Converting to EPSG:4326 is useful because:

  • It’s a standard geographic coordinate system used worldwide.

  • It’s compatible with many mapping services and GIS software.

  • It allows for easier integration with other global datasets.

After this conversion, we can proceed with spatial subsetting operations, which will now use latitude and longitude coordinates.

3.7.6.6. Spatial Subsetting#

Now that our data is in a geographic coordinate system, we can perform spatial subsetting:

Hide code cell source
# Create a point geometry for Edmonton's city center
from shapely.geometry import Point
edmonton_point = Point(-113.490112, 53.545883)

# Find the region that contains Edmonton
edmonton_region = gdf_wgs84[gdf_wgs84.contains(edmonton_point)]

print("The economic region containing Edmonton:")
print(edmonton_region['ERNAME'].values[0])

# Visualize the result using explore
m = gdf_wgs84.explore(color='thistle', tooltip=['ERNAME'])
edmonton_region.explore(color='orangered ', m=m, tooltip=['ERNAME'])
The economic region containing Edmonton:
Edmonton
Make this Notebook Trusted to load map: File -> Trust Notebook

This code does the following:

  • Create Edmonton point:

    • Use Point(-113.490112, 53.545883) to represent Edmonton’s location

  • Spatial subsetting:

    • gdf_wgs84[gdf_wgs84.contains(edmonton_point)] finds the region containing Edmonton

  • Display result:

    • Print the name of the region containing Edmonton

  • Visualize:

    • Create base map: gdf_wgs84.explore(color='thistle')

    • Highlight Edmonton’s region: edmonton_region.explore(color='orangered', m=m)

    • Add tooltips to show region names on hover

3.7.7. Plotting with GeoDataFrame’s plot() method#

We can create static maps using the plot() method of our GeoDataFrame. This method is based on matplotlib and offers various customization options:

Hide code cell source
import matplotlib.pyplot as plt
from matplotlib.colors import LinearSegmentedColormap
import matplotlib.patheffects as pe

# Create a custom colormap
colors = ['#FFFFCC', '#FFEDA0', '#FED976', '#FEB24C',
          '#FD8D3C', '#FC4E2A', '#E31A1C', '#BD0026', '#800026']
n_bins = len(colors)
cmap = LinearSegmentedColormap.from_list('custom_YlOrRd', colors, N=n_bins)
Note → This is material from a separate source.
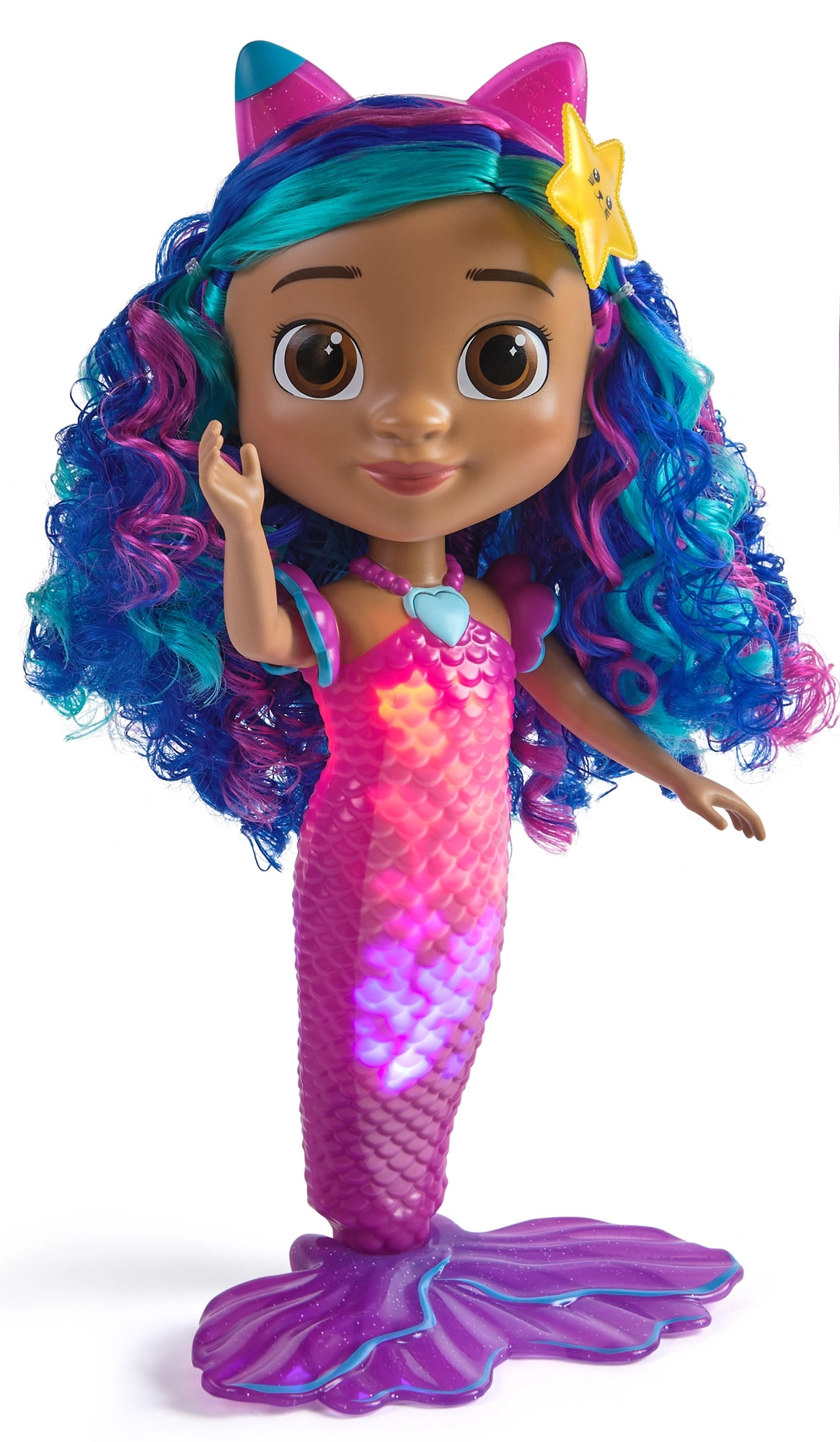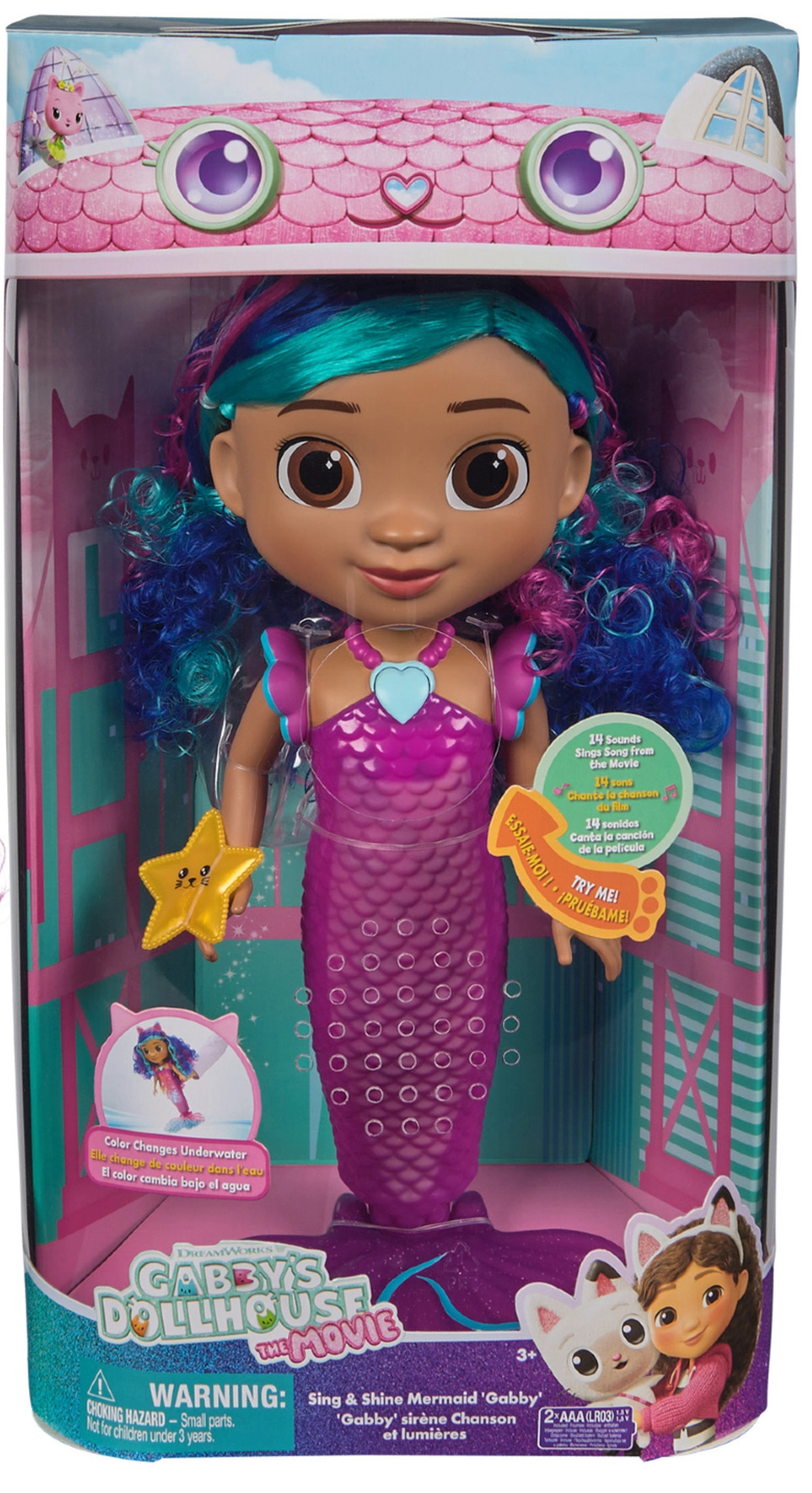 Atskleiskite magiją su lėle Undinėlė Gabija, įkvėpta filmo Gabijos stebuklingas namelis. Ši didelė, apie 35 cm lėlė siūlo šviesos efektus uodegoje, net 14 garsų ir frazių, įsijungiančių paspaudus širdelės formos vėrinį, ir yra atspari vandeniui, tad tinka žaisti vonioje ar prie baseino. Dėl ryškių spalvotų plaukų, stilingų aksesuarų ir rinkinyje esančių baterijų ji iškart pasirengusi magiškiems nuotykiams.

# Create a basic plot of all regions
fig, ax = plt.subplots(figsize=(8, 8))
gdf.plot(ax=ax, edgecolor='black', linewidth=0.5, column='LANDAREA', cmap=cmap)

# Add a color bar
sm = plt.cm.ScalarMappable(cmap=cmap, norm=plt.Normalize(
    vmin=gdf['LANDAREA'].min(), vmax=gdf['LANDAREA'].max()))
sm._A = []  # This line is necessary for the colorbar to work with plt.colorbar()
cbar = fig.colorbar(sm, ax=ax, fraction=0.03, pad=0.04)
cbar.set_label('Land Area (km²)', rotation=270, labelpad=15)

# Add title and remove axes
ax.set_title('Alberta Economic Regions - Land Area',
             fontsize=14, fontweight='bold', pad=0, y=1)
ax.axis('off')

# Add text labels for each region with white outline
for idx, row in gdf.iterrows():
    ax.annotate(text=row['ERNAME'], xy=(row.geometry.centroid.x, row.geometry.centroid.y),
                xytext=(0, 0), textcoords="offset points", fontsize=10, ha='center', va='center',
                fontweight='bold', color='black',
                path_effects=[pe.withStroke(linewidth=3, foreground='white')])

plt.tight_layout()
../_images/d2d74b62fb0fa8ef5ffe7996957f43a9b75e898ed8da5f401261b7ebedfb9eec.png

This code creates a map of Alberta’s economic regions, color-coded by land area:

  1. Import libraries and set custom colors.

  2. Plot the GeoDataFrame with ‘LANDAREA’ for color-coding.

  3. Add a color bar to represent land area values.

  4. Set title and remove axes.

  5. Add region names as text labels with white outlines.

  6. Optimize layout with tight_layout().